* [WHAT TO DO]: Every line from the one holding "Nude workout in" through the one holding "Легкий сарафан приталенного" in the data below must be returned exactly, both ends included, with pictures left out and nothing else added.

═══ SUPPLIED MATERIAL

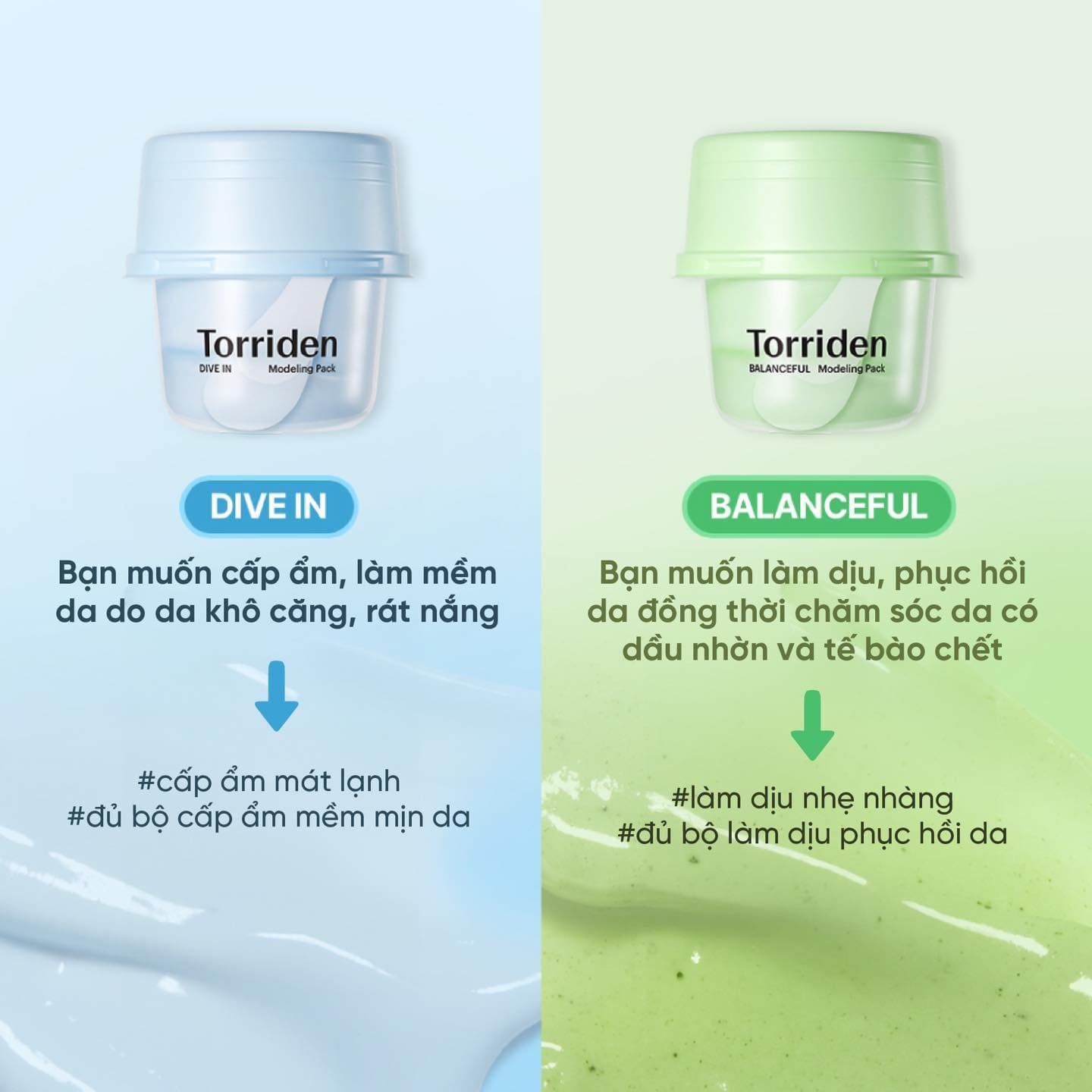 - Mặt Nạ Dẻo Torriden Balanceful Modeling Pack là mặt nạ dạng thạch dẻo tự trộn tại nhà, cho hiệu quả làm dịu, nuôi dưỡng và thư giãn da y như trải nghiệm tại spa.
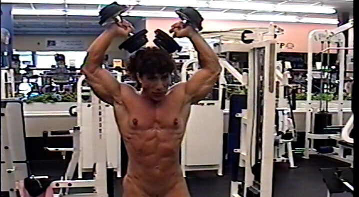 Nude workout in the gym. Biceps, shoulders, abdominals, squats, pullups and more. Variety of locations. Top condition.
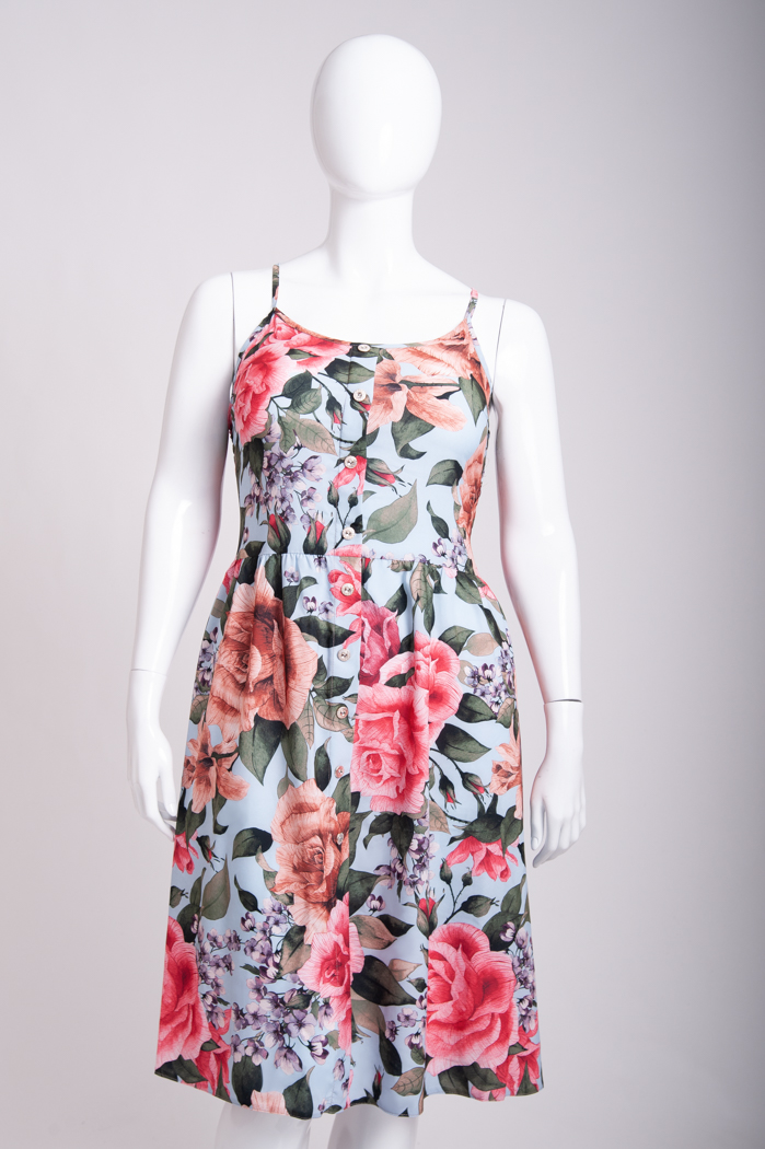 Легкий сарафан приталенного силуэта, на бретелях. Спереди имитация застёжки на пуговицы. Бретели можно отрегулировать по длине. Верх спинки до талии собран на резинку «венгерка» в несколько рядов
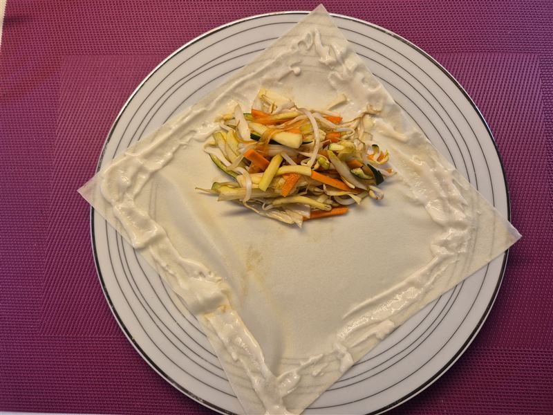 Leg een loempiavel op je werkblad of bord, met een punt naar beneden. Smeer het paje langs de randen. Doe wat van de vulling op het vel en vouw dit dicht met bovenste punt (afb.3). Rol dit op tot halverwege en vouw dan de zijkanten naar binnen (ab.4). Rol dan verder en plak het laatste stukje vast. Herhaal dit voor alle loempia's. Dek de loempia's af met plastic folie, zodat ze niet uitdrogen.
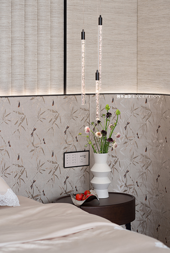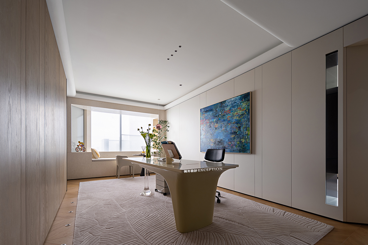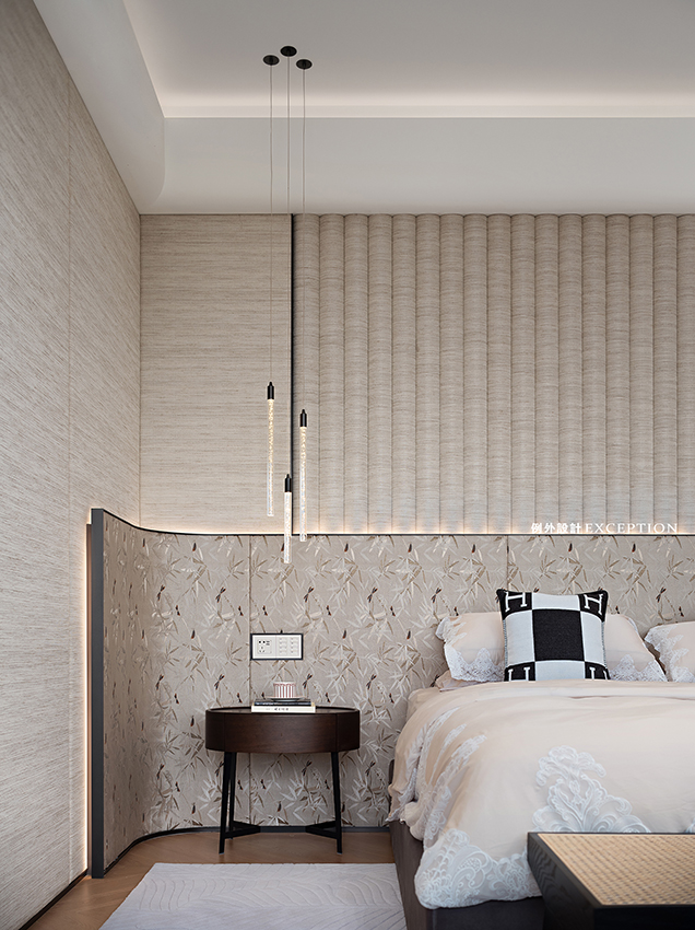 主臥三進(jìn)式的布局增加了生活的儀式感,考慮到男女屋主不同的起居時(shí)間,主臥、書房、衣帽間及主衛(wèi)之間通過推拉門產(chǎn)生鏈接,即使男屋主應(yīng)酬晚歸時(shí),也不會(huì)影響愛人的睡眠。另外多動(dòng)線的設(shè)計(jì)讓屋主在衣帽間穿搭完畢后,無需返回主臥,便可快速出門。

══════

* [RESULT OF THE TASK]:
 Nude workout in the gym. Biceps, shoulders, abdominals, squats, pullups and more. Variety of locations. Top condition.
 Легкий сарафан приталенного силуэта, на бретелях. Спереди имитация застёжки на пуговицы. Бретели можно отрегулировать по длине. Верх спинки до талии собран на резинку «венгерка» в несколько рядов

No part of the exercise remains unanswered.